EXERCISE DETAILS =
Of the entries below, repeat exactly only those lines from the one containing "我們會定期檢視營運成本及服務收費,致力為各位會員提供更佳的海外轉運服務。" through the last line, with pictures omitted.

GIVEN ENTRIES =
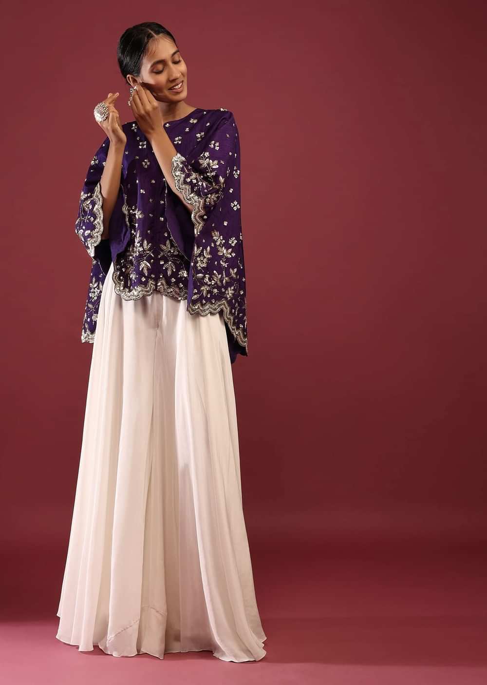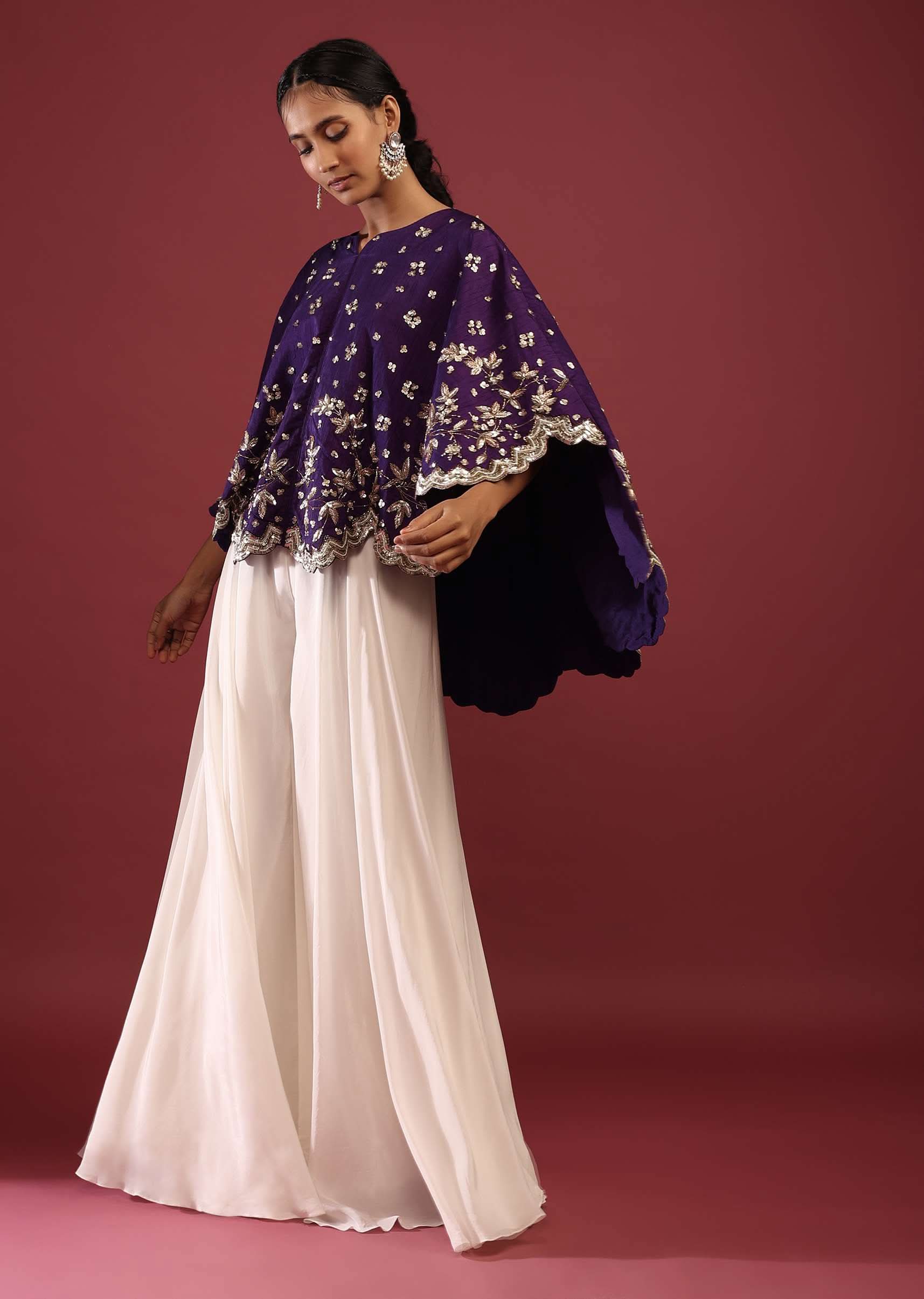 Grape Purple High Low Cape And White Palazzo Suit With Sequins And Zardosi Flowers
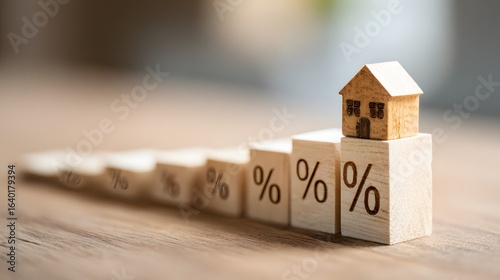 house, percentage, interest, rate, loan, finance, mortgage, building, block, wooden, home, investment, property, real, estate, market, economy, growth, increase, symbol, signs, risk, capital, saving, future, planning, strategy, solution, concept, price, value, tax, revenue, crisis, management, payment, cash, commerce, banking, debt
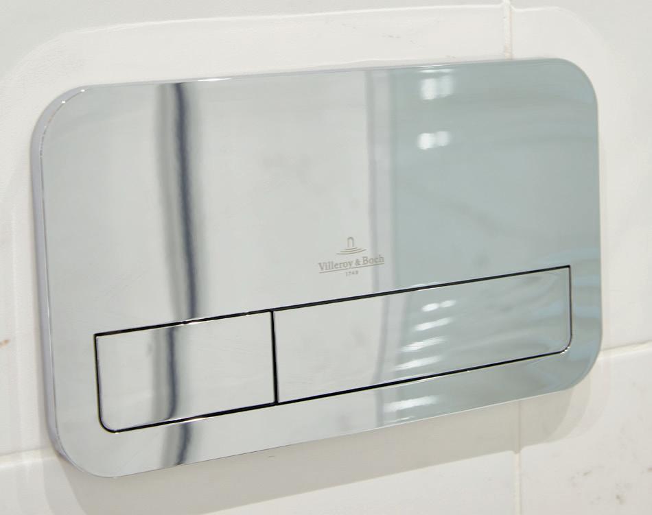• Villeroy & Boch back-to-wall WC, soft-closing seat and cover, and chrome dual-flush plate
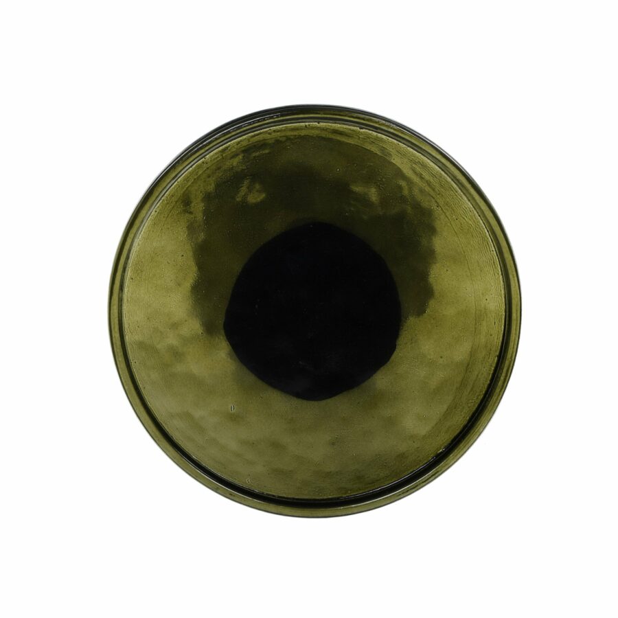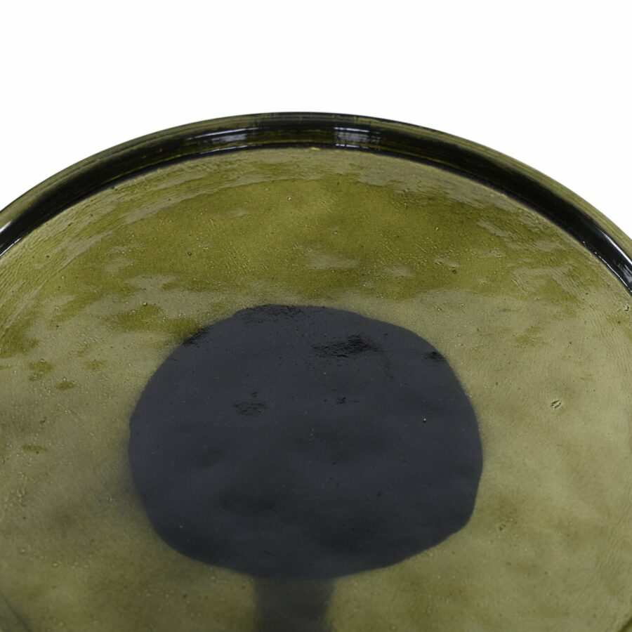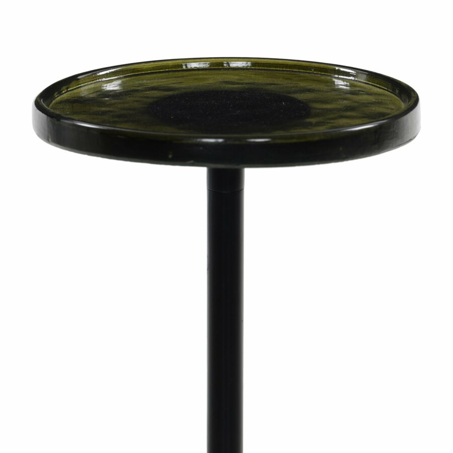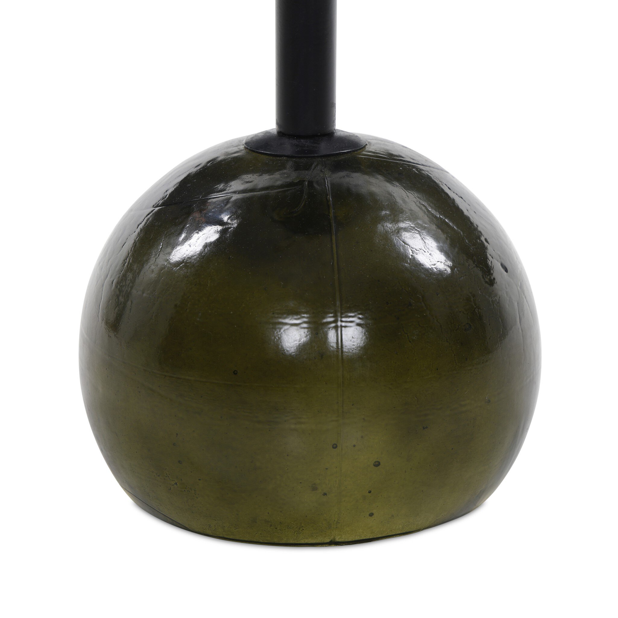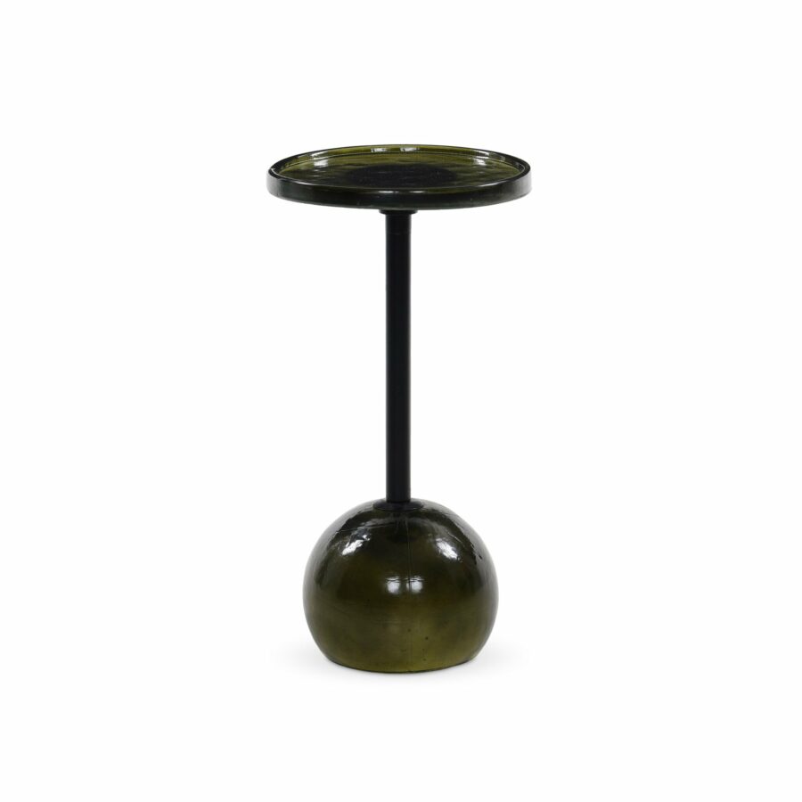 A sphere-shaped base of amber cast glass supports slim, black-finished iron piping and a tray-style tabletop that’s perfectly sized to keep your favorite book or nightcap within reach.
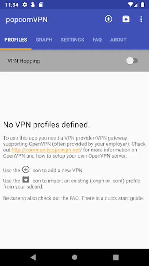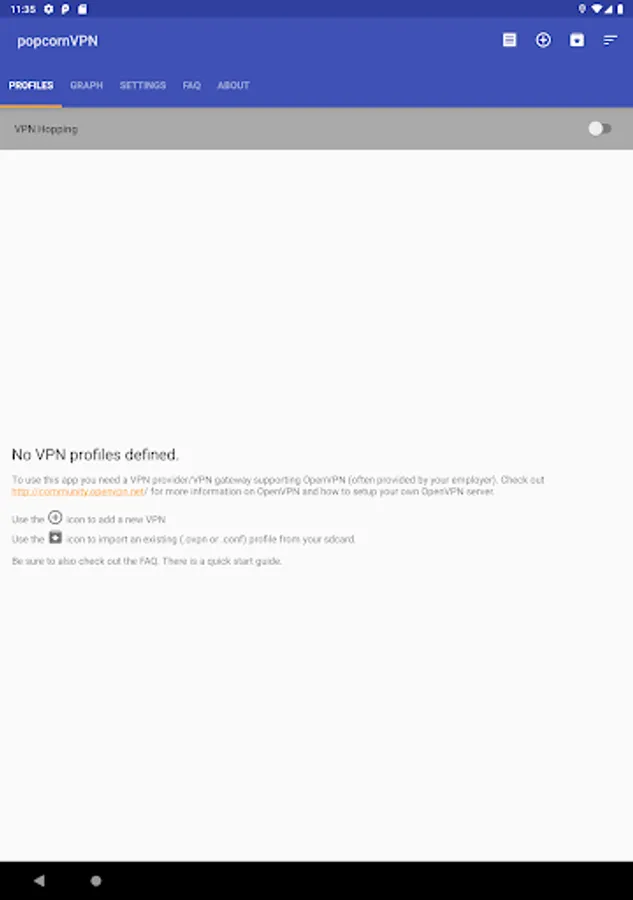 Just import your profile(s) and tap on one to connect. You can enable hopping with the switch on top, and you can set the interval for hopping in the settings tab.
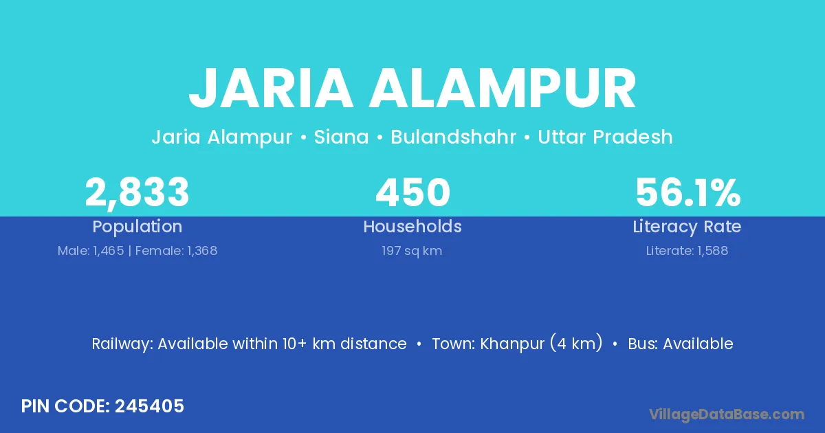 Khanpur (4 km) is the nearest town to Jaria Alampur village for major economic activities and is located approximately 4 km away.
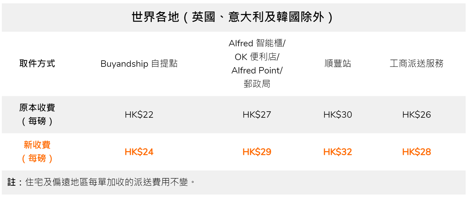 我們會定期檢視營運成本及服務收費,致力為各位會員提供更佳的海外轉運服務。
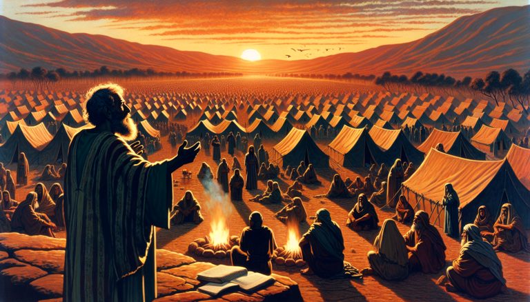 **出エジプト記18章:エトロの訪問と知恵の共有** 荒野の太陽が砂漠の地平線に沈み、燃えるような夕焼けがシナイの山々を赤く染めていた。モーセは天幕の前で座り、疲れた体...

EXPECTED ANSWER =
 我們會定期檢視營運成本及服務收費,致力為各位會員提供更佳的海外轉運服務。
 **出エジプト記18章:エトロの訪問と知恵の共有** 荒野の太陽が砂漠の地平線に沈み、燃えるような夕焼けがシナイの山々を赤く染めていた。モーセは天幕の前で座り、疲れた体...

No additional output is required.